Como telón de fondo y bajo una escena sin prisa, la cámara se acerca a una marca a manera de tatuaje, vemos tres puntos en un talón, talón sobre el que cae el cabello de un niño que, poco a poco en una secuencia envolvente irá develando su cuerpo y rostro. Un acercamiento nos hace encontrarnos ante una mirada profunda, quizás desafiante y que ominosamente produce la sensación de sentirnos mirados. Esa marca, a lo largo de la película será el entretejido enigmático que llevará al recorrido de distintas huellas y cicatrices, a la concatenación de tiempos transgeneracionales ceñidos al dolor, al secreto y al susurro de una verdad que se irá develando de forma avasallante.

A diferencia de la obra de teatro, donde la lectura va dando vida a una especie de voces en off casi fantasmáticas, el material filmográfico que respeta varios diálogos del texto original, va llevando de manera magistral, a través de varios pequeños capítulos o escenas, la historia de Jeanne y Simón. Mellizos canadienses que después de la muerte de su madre, se encontrarán frente al abogado quien al hacer lectura del testamento entregará dos cartas, una dirigida a su padre que hasta entonces lo creían héroe y muerto, y otra para un hermano, del cual desconocían su existencia. Lo que heredan, es a riesgo de ir tras su historia y develar lo que su madre no pudo hilvanar en palabra, convirtiéndose en un silencio total durante sus últimos 5 años de vida.

Una vez tomadas las cartas y tras un viaje al pueblo de Nawal, nombre de su madre, se entrelazarán otros tiempos para hacer surgir el pasado en un territorio marcado por la guerra civil libanesa, sitiada por una mirada de odio, masacre y posturas totalitarias entrecruzadas por la religión; de ello emerge también la historia de Nawal, mujer perdida en una búsqueda por un hijo primogénito que le fue arrancado, búsqueda que sin saberlo, la hace encontrarse de forma “azarosa” con él en medio del encierro en la cárcel y lo traumático que le resulta el escuchar la tortura cotidiana, así como vivirla en carne propia a manos de un verdugo que no ha buscado y ante el cual, como en un acto sublime intenta ensordecer el dolor a través de su canto, mismo que le da también su mote: “la mujer que canta”. El verdugo es también el hijo. Un hijo, que no sabe que está violando a su madre y una madre que no sabe que su violador es el hijo que buscaba, un hijo marcado por el desamparo, la orfandad y la guerra. Nawal lo sabrá hasta 15 años después cuando intempestivamente se encuentra de frente a esos 3 puntos en el talón de una adulto que, al mirar su rostro, la deja subsumida en el silencio más estridente, pues el rostro del hijo que había buscado, es el mismo rostro del soldado-torturador-violador y también padre de sus dos hijos gemelos.
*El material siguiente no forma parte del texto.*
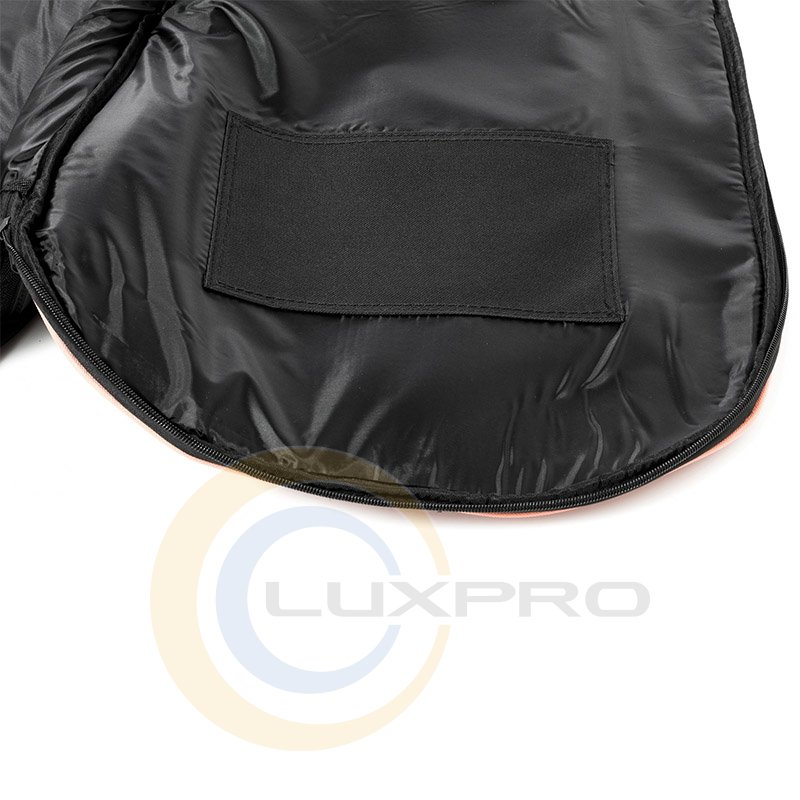 Внутрішня частина чохла посилена для захисту струн і бриджу. По краях встановлені гумові протиударні накладки. Колір: чорний з помаранчевим.

Simón y Jeanne, en una ecuación desgarradora descubren que 1 puede ser 2. Descubren su historia y con ello el vuelco brutal que ha dado ésta. Ninguno de los dos podrá volver a ser el mismo. Una promesa hecha por su madre a la abuela, los vincula, la promesa de hablar, de escribir, relatar -romper el hilo-, dar vida ahora a la posibilidad de quizá reelaborar el tiempo por-venir.